Your garden variety calendar invitation, as seen in your inbox

The decision dance

Hmmm. You know the sender well, and there are other people invited too, but the details area is blank. You’re not totally sure about what this meeting is for.

Will you accept? You check your own calendar to see if there’s a conflict. You don’t have any other meetings at this time; you could go.

You sit there, with your cursor hovering over the Yes button.

There’s a ton of things you could do instead of going to this meeting. It’s going to cut a nice free space in your calendar in half. What’s it for? Why do you need to be there? “Just click Yes”, you tell yourself. “Get back to that thing I need to get cracking on. Figure it out later.”

Ah, but you made a promise to yourself not to let others control your time in your calendar! Who controls your time? You do!

You could message the sender over Slack (or Teams, or whatever it is you use to randomly tap each other on the shoulder all day), and find out. But that might trigger a conversation you really don’t have time for right now. There’s that thing you have to get to, right?

You hover your cursor over the Maybe button (or the Tentative button in other software) instead. You never use the Maybe button. What does it even mean? People barely ever reply Maybe to your calendar invitations. It seems so… indecisive? Passive-aggressive, even? When will they tell you Yes or No instead? Or do you have to follow them up, to get a Yes or No?

You look at the No button. You rarely use the No button. It seems so terse. So rude. So final. No.

While you’ve been gazing at this ambiguous proposition, this possibly presumptuous request for your time, a valuable minute has slipped by. Any head of steam you’d built up to get into that thing you needed to do has sadly subsided…

I don’t know about you, but this decision dance happens to me all. The.

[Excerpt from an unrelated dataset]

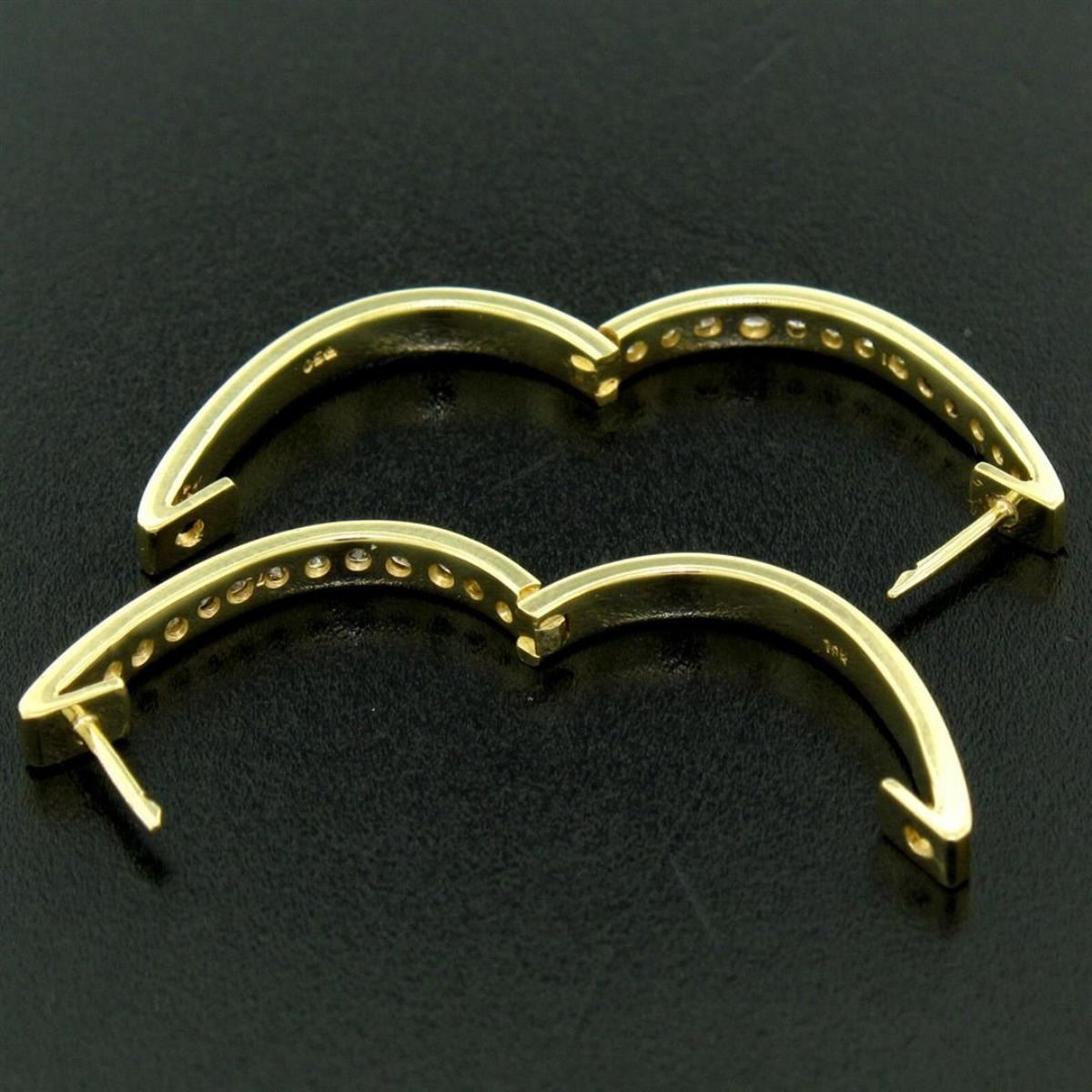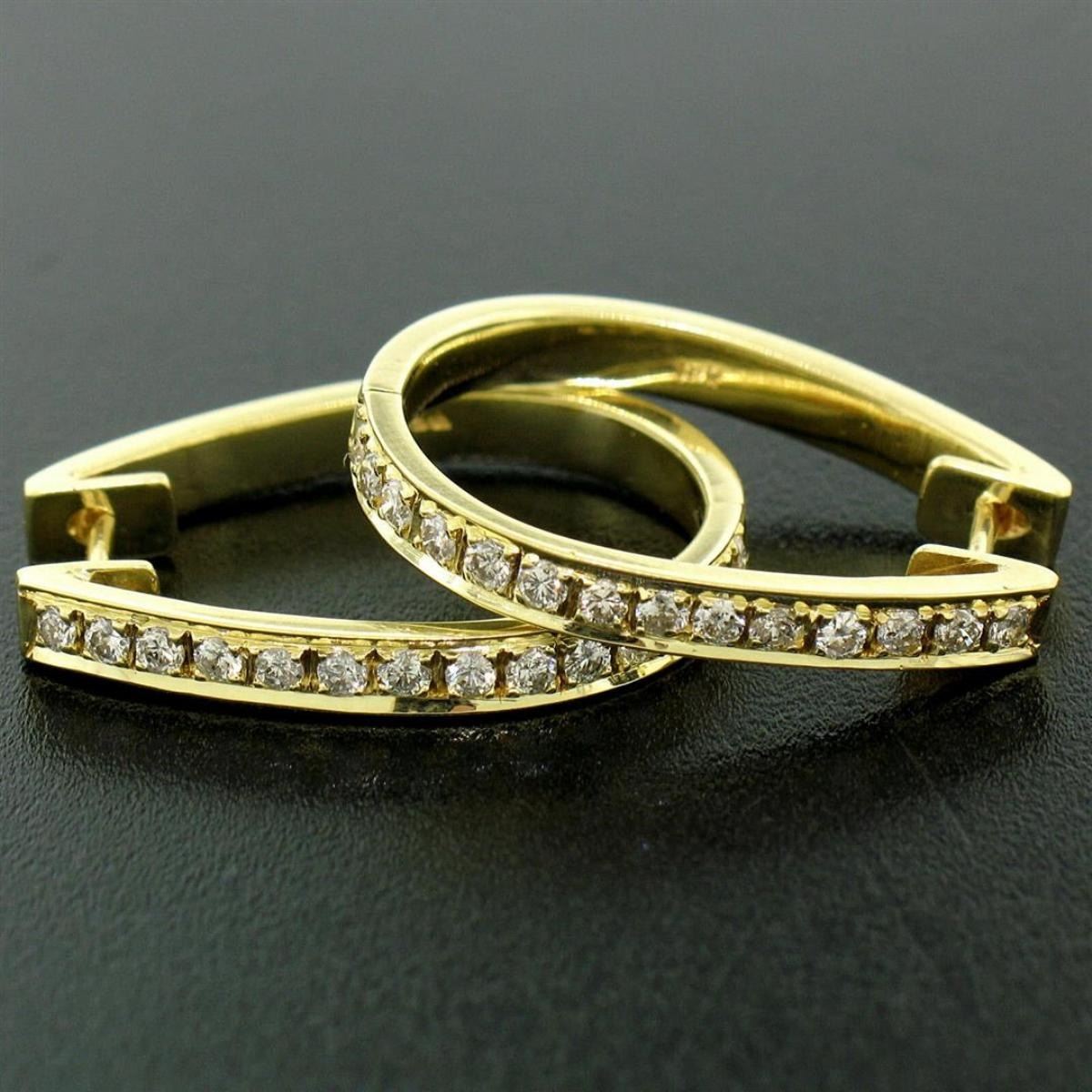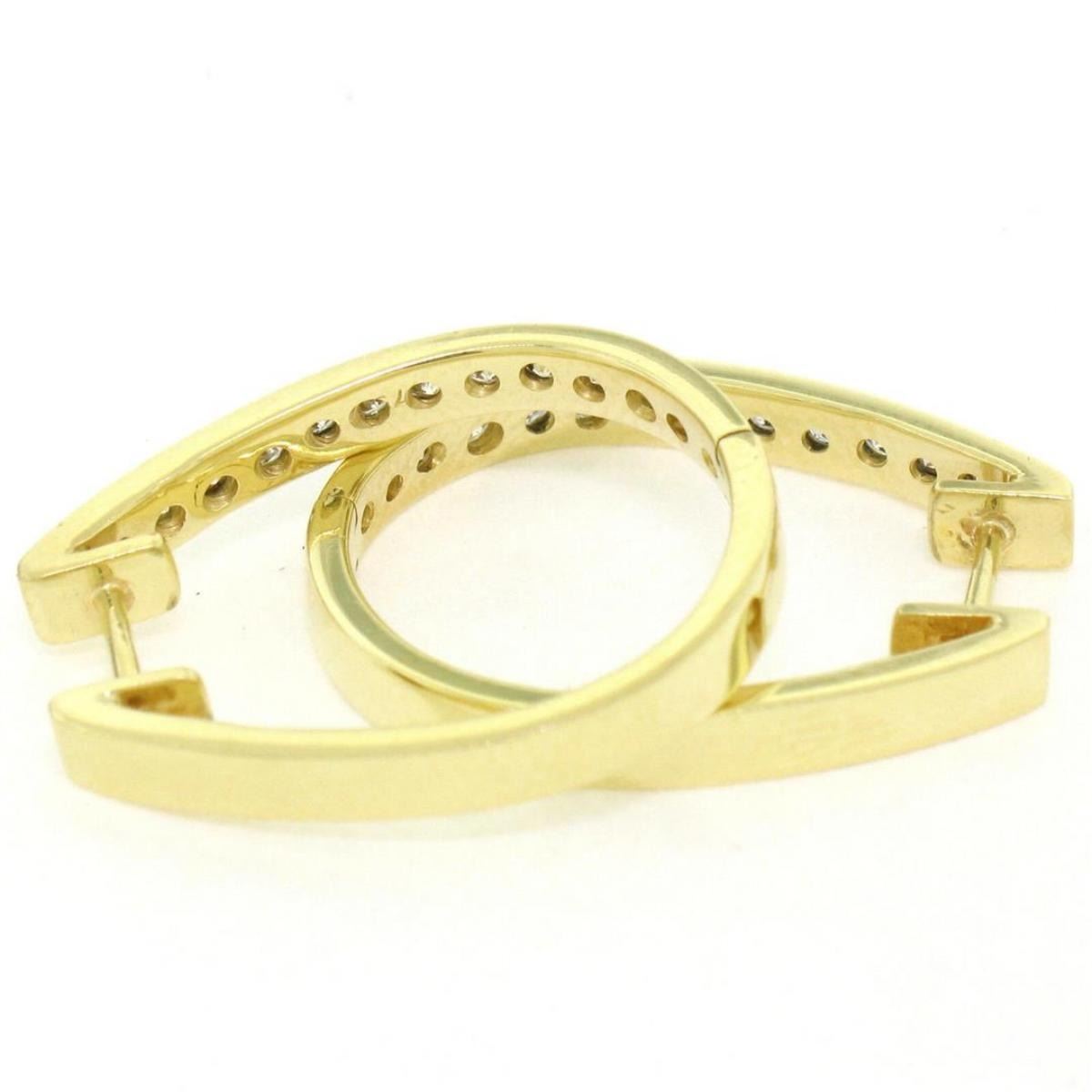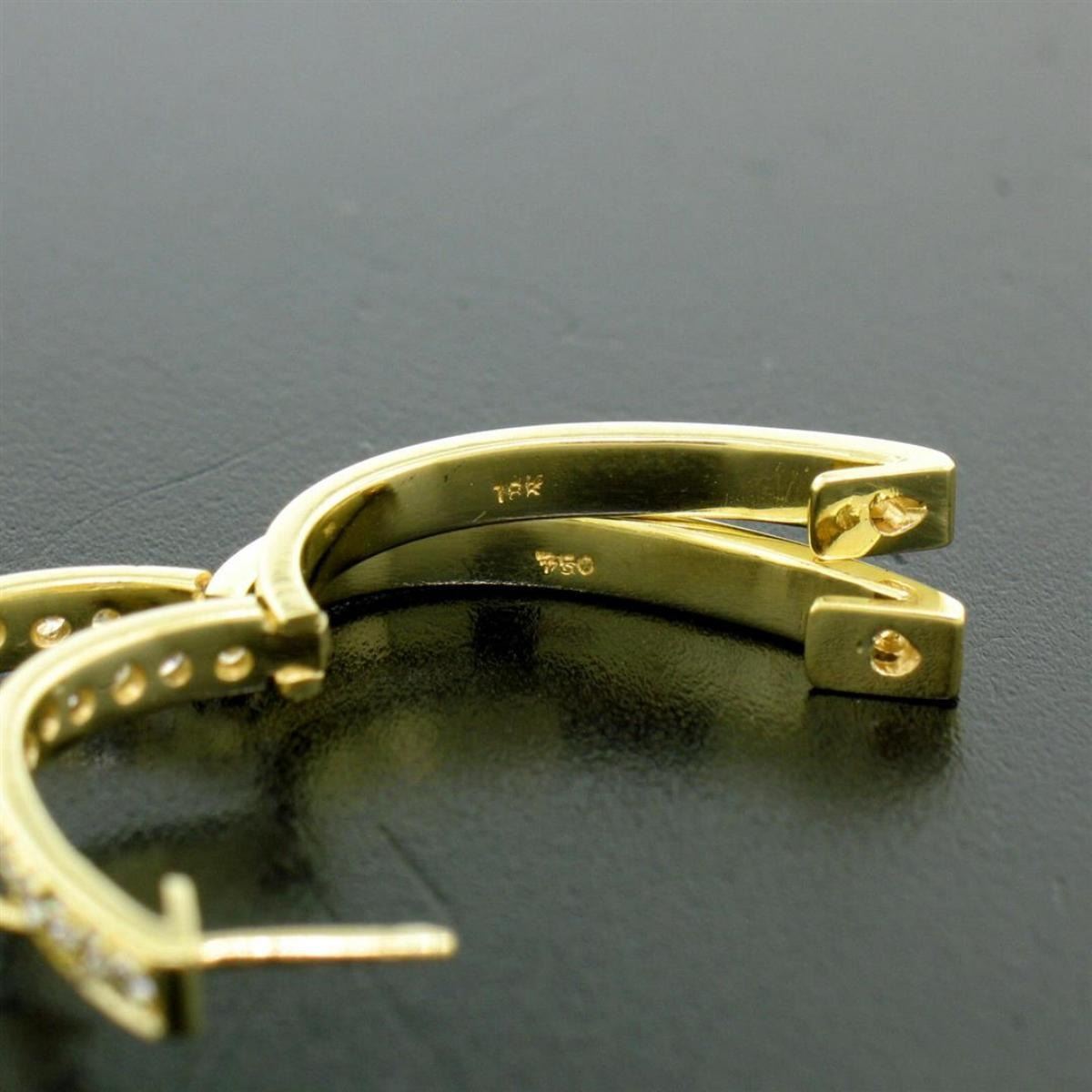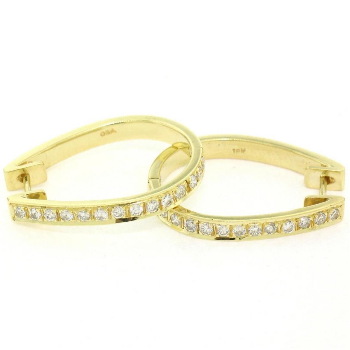 A pair of 18kt yellow gold hoop earrings pave set with 0.75ctw of round brilliant diamonds (F/G - VS1/VS2). The earrings measure approximately 22.95x18.45mm and weigh a total of 6.50 grams.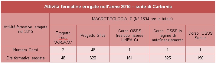 Tabella 1 . Attività Formative erogate nell’anno 2015. Macrotipologia C. Sede di Carbonia

Time.

Practice good meeting hygiene

A part of good meeting hygiene is to always include an agenda in a meeting invitation, right? Or at least a clear reason for the meeting, and a clear reason why each recipient needs to be there.

But for loads of reasons, often there’s no reason given. No agenda. No useful title. Especially in those recurring meetings. It’s assumed you know, or it’s assumed you’ll come. Or, it’s assumed you’re the one who has to make the effort needed to work out what it’s for, and whether to accept or not.

The remedy: a new button

I’d like to short-circuit that whole decision dance routine, with one new button on those meeting invitations. Actually, not even a new button, just a replacement button.

Here it is:

Do you see it? I just want calendar software companies to replace the Maybe button with Why.

A Why button.

When you click the Why button, the sender gets an automatic email back, asking a very simple but very effective question: why? Then, the effort is on them to tell you the reason for the meeting, and the reason why you need to be there. Which is good meeting hygiene.

Hey, a guy can dream.

Who’s with me? ;)

A hack in the meantime

While us mere mortals wait for software to get better, you could always do this team productivity hack: agree as a team that whenever anyone wants to know why a meeting is happening, or why they’re invited, they can hit the Maybe button.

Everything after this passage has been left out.